Luckily, Knowles caught his cancer at stage 1A after requesting a mammogram and ultrasound. “Then the radiologist wanted to do more study and we did a biopsy and, sure enough, I was diagnosed with male chest cancer. I had surgery the next week. Gratefully diagnosed at Stage IA, which gives me a higher survival rate.”
When working with your medical team, tell them exactly what you are feeling and raise anything that may feel off to you. Every symptom should have a plan in place to address it, and if you feel like you are not being heard, continue to push and seek a second opinion if your concerns are not being addressed.
The only way to know this is to continue to push for answers, telling your medical team exactly what you are experiencing and demanding that you receive the best treatment for your specific situation.

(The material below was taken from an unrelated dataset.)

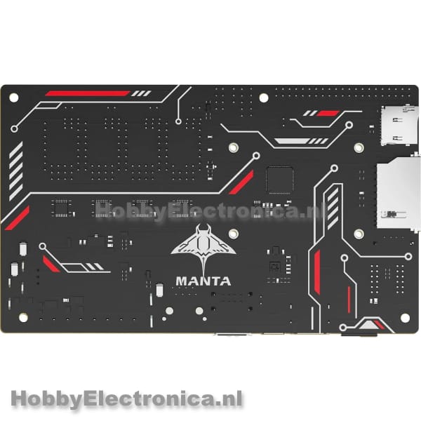 Manta M4p is een veelzijdig 32-bits moederbord dat veel functies heeft en een verscheidenheid aan upgrade-opties biedt dankzij de vele interfaces. De Manta M4P is uitgerust met dezelfde connector als Raspberry Pi compute module. Hierdoor kan het moederbord worden aangesloten op alle versies van de Raspberry Pi CM4 en CB1. Dit maakt het een ideaal bord voor een klipper upgrade. Een HDMI-aansluiting maakt de overdracht van audio en video rechtstreeks naar een HDMI-scherm mogelijk!

“Every appointment you leave as a patient, there should be a plan for what the doc is going to do for you, and if that doesn’t work, what the next plan is,” Dr. Zuri Murrell, director of the Cedars-Sinai Colorectal Cancer Center, told SurvivorNet in a previous interview. “And I think that that’s totally fair. And me as a health professional– that’s what I do for all of my patients.”
Healthier Habits to Consider
In between proactive check-ups at the doctor, keeping a healthy lifestyle like Mr. Knowles does is also key in cancer prevention.
Dr. Ken Miller, director of outpatient oncology at the University of Maryland Greenebaum Cancer Center, told SurvivorNet in a previous interview what he thinks are the top lifestyle tips for a cancer survivor. “One is exercise, I want you to do be doing at least two hours a week of exercise, and walking counts. I personally recommend a low-fat diet. I recommend a colorful diet. And the fourth, is I recommend being close to an ideal body weight.”